Yesterday, Databricks announced that they are making Spark debugging easier by their integration of the Spark UI into the Databricks platform. True enough, but don’t confuse “easier” with “easy”.
Don’t get me wrong – we have Databricks at work and I love it. But debugging has been its weak point. The Spark UI integration gives us some visuals to indicate job status, percentage completion, etc. It has another visualization to show the data dependency graph that underlies everything Spark does. But these pretty pictures are not what I really want.

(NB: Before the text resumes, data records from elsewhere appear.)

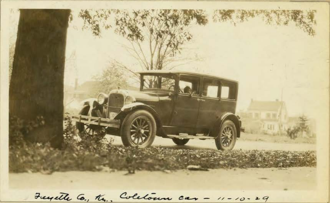
Fayette Co., Ky., Coleton car - 11-10-29
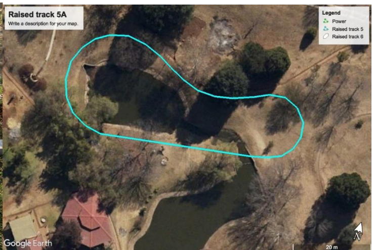
Raised track route around the lower dam

From the above photos can be seen a lot of work going on for improvements. Next month should show quite a lot of progress on these projects.
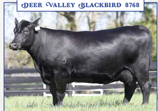
PATERNAL GRAND DAM OF LOT 17A

Schaack Rita 5135 is the perfect complement to Lot 17, offering a cow-calf package with donor-level potential. We were fortunate to acquire her sire, 4 Sons Identified 5L5 from Four Sons Farm, Cynthiana, KY, and her first calf—an October-born heifer—is already showing the balance, growth, and phenotype we expect from this mating.
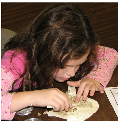
Wildlife discovery

One of the first things I worked on after grad school was developing a parallel debugger – because I was tired of writing parallel code without the source-level debugging tools that I had on serial machines. That debugger also started out with visuals – in that case it was illustrations of the messages being sent between the processes, as well as information the process state over time – running, blocked waiting, idle, etc. That was based on the data it was easiest to capture. The display was kind of pretty, IMHO, but it turned out to be largely useless. What really makes debugging easier for me is being able to step through the code, examine variables, set breakpoints, run until a condition is encountered, etc. You don’t even need a WYSIWYG display of the code for that. I pretty much run all my Perl and Python code the first few times in their simple debuggers to catch the errors I make. But if your ‘debugger’ doesn’t let me see the state of the program and the results of a statement, then I’m pretty much forced back to debug print statements to figure that out and your debugger doesn’t get used.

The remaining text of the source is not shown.